MELTIN’s core technology distinguishes among different waveforms and analyzes the motion being made, or intended to be made, by a human body. It carries an algorithm that enables capturing complex biosignals with a large amount of information using a small number of electrodes, and analyzing them at high speed and high accuracy, thus making it possible to convert (reproduce) the signals to highly complex body motions.

Combining its unique biosignal processing technology and robot development, MELTIN aims for developmental achievement in three main areas: body complementation, body augmentation, and body recovery.

Mark Kasuya, CEO of MELTIN, says, “Body complementation is expected to allow a person who has accidentally lost their hand to perform various operations as if they still have a real hand for example, by wearing MELTIN’s robot hand and controlling it through the sensation of their own biosignals, while the robot hand distinguishes among motor intention such as “to grip an object” or “to turn the wrist.”

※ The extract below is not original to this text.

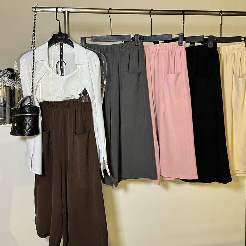 Celana 7/8 Musim Panas Wanita Celana Kasual Lipit Model Baru Versi Korea Terlihat Ramping Kerut Sutra Es Mudah Dipadu Padan Rok Rok Kaki Lebar Gaya Menggantung Pinggang Tinggi
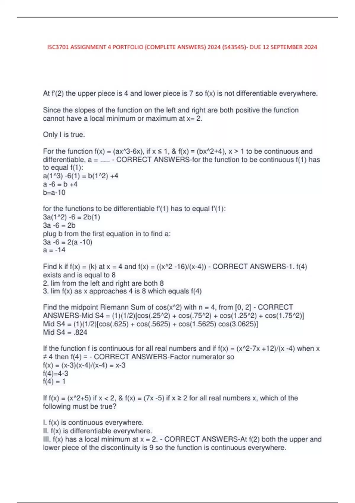 ISC3701 ASSIGNMENT 4 PORTFOLIO (COMPLETE ANSWERS) 2024 (543545)- DUE 12 SEPTEMBER 2024

Regarding body augmentation, the robot hand can be worn as a “third hand” to allow the wearer to perform complex operations that require three hands, using their own biosignals.

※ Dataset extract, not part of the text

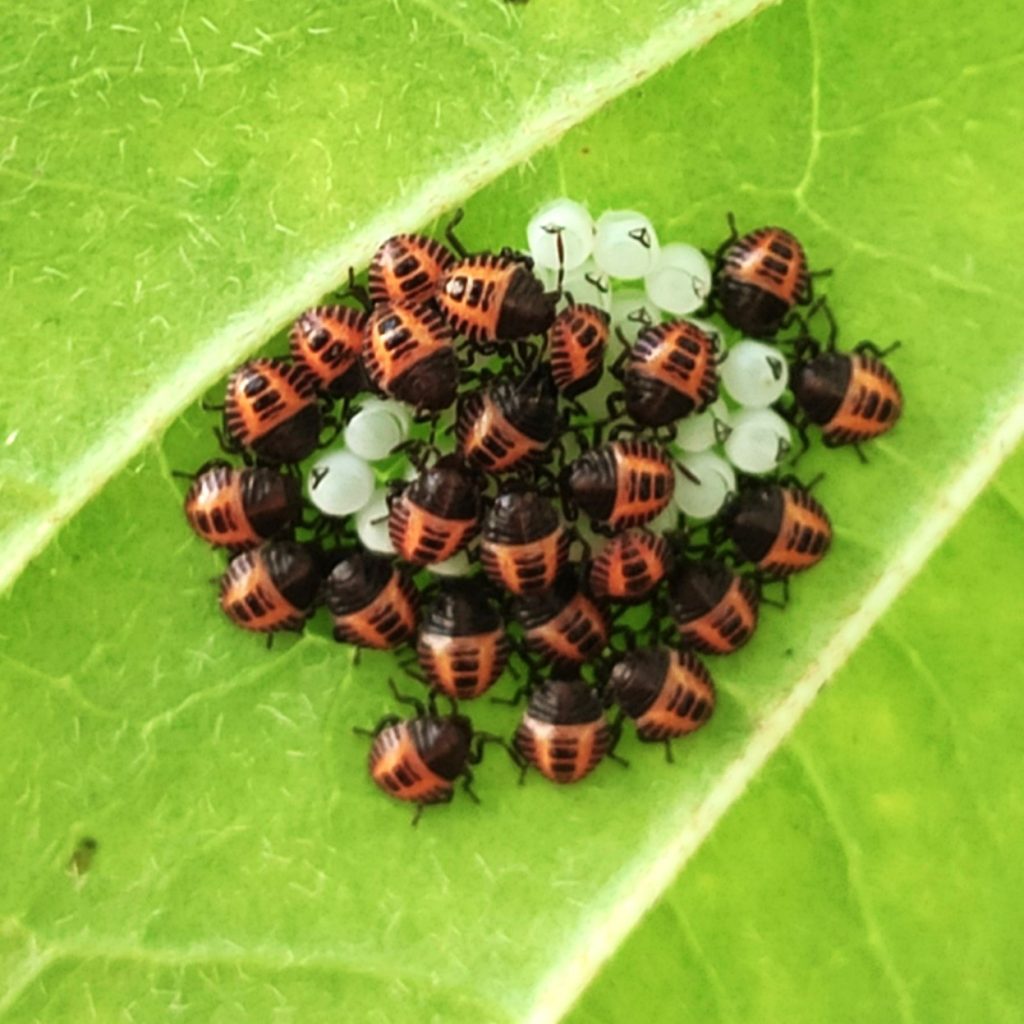 Ich beschäftige mich damit, ob die kleinen Käfer, die, so hat es den Anschein, gerade aus dem Ei geschlüpft, Freund oder Feind sind. Vom Wohnzimmer aus sehe ich sie an der Blattunterseite meines Hartriegels kleben. Sie sind winzig klein. Höchstens einen halben Millimeter groß. Ich habe sie noch nie gesehen. Sind das junge Feuerwanzen? Sehen irgendwie anders aus. Ich probiere mich durch alle möglichen Flora und Fauna Apps durch, doch Fehlanzeige. Die Tierchen finde ich nicht. Fraßspuren kann ich auch keine erkennen. Ich beschließe die Entwicklung zu beobachten. Bleibt mir sowieso nichts Anderes übrig. Krassere Mittel möchte ich nicht einsetzen.

As for body recovery, machine-generated, simulated biosignals can be sent to the lower half of the body of a person suffering complete paralysis of the area due to accidental spinal injury, to reactivate the otherwise inert parts of their body.

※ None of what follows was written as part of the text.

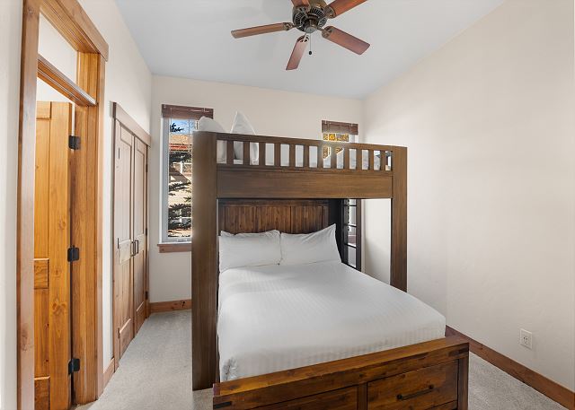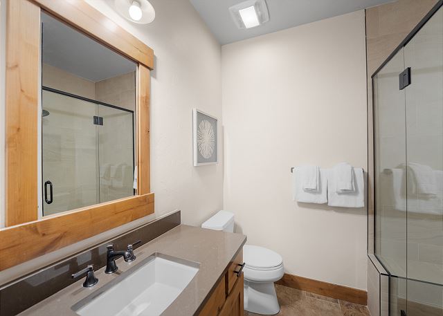 The full-sized kitchen is stocked with all the essential cookware and tableware to make a meal away from home and features modern stainless steel appliances. The dining area comfortably seats four with additional seating for four at the breakfast bar. The guest bedroom offers a twin over queen size bunk bed, wall mounted flat screen TV, and ample closet space. The guest bathroom features both a guest entrance and a separate private entrance from the guest bedroom, as well as granite countertops, a single sink vanity and a beautiful walk-in shower. Both bathrooms are stocked with towels and an initial supply of toiletries.
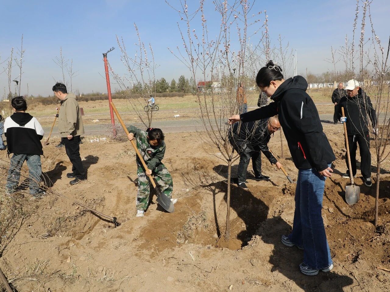 “这次我们选用的是山桃,共种植近500株。山桃花期早、花色艳丽,耐寒耐旱,非常适合本地生长,既能固土护坡,又有很高的景观价值。”东河区农牧局相关负责人介绍,“后期我们将进行精细化养护,确保树木成活率,真正让‘绿意’扎下根。”

We believe such complementation, augmentation, and recovery will open a new frontier for what human being has been unable to do so far.”

Restoration of Functional Fingers for Patients with Finger Paralysis

The rehabilitation robot under joint development by MELTIN is designed to facilitate recovery from motor dysfunction. The number of patients with cerebrovascular disorders, major causal diseases of motor dysfunction, was reported to be approximately 1.20 million (*1) in Japan, 7.20 million in the United States (*2), and 13.0 million in China (*3). Cerebrovascular disorders are the leading cause of bedriddenness and the second leading cause of long-term care need in Japan, posing a major concern in our society.

Among the various motor dysfunctions, many patients are suffering from finger paralysis. The proportion of finger paralysis patients who achieve recovery to a practically acceptable level in daily life is lower than in patients with lower limb paralysis (*4), and functional prognosis is poor if grip strength does not improve within 1 month after onset (*5); currently, no effective medical intervention is available for patients in whom finger extension fails to be restored early.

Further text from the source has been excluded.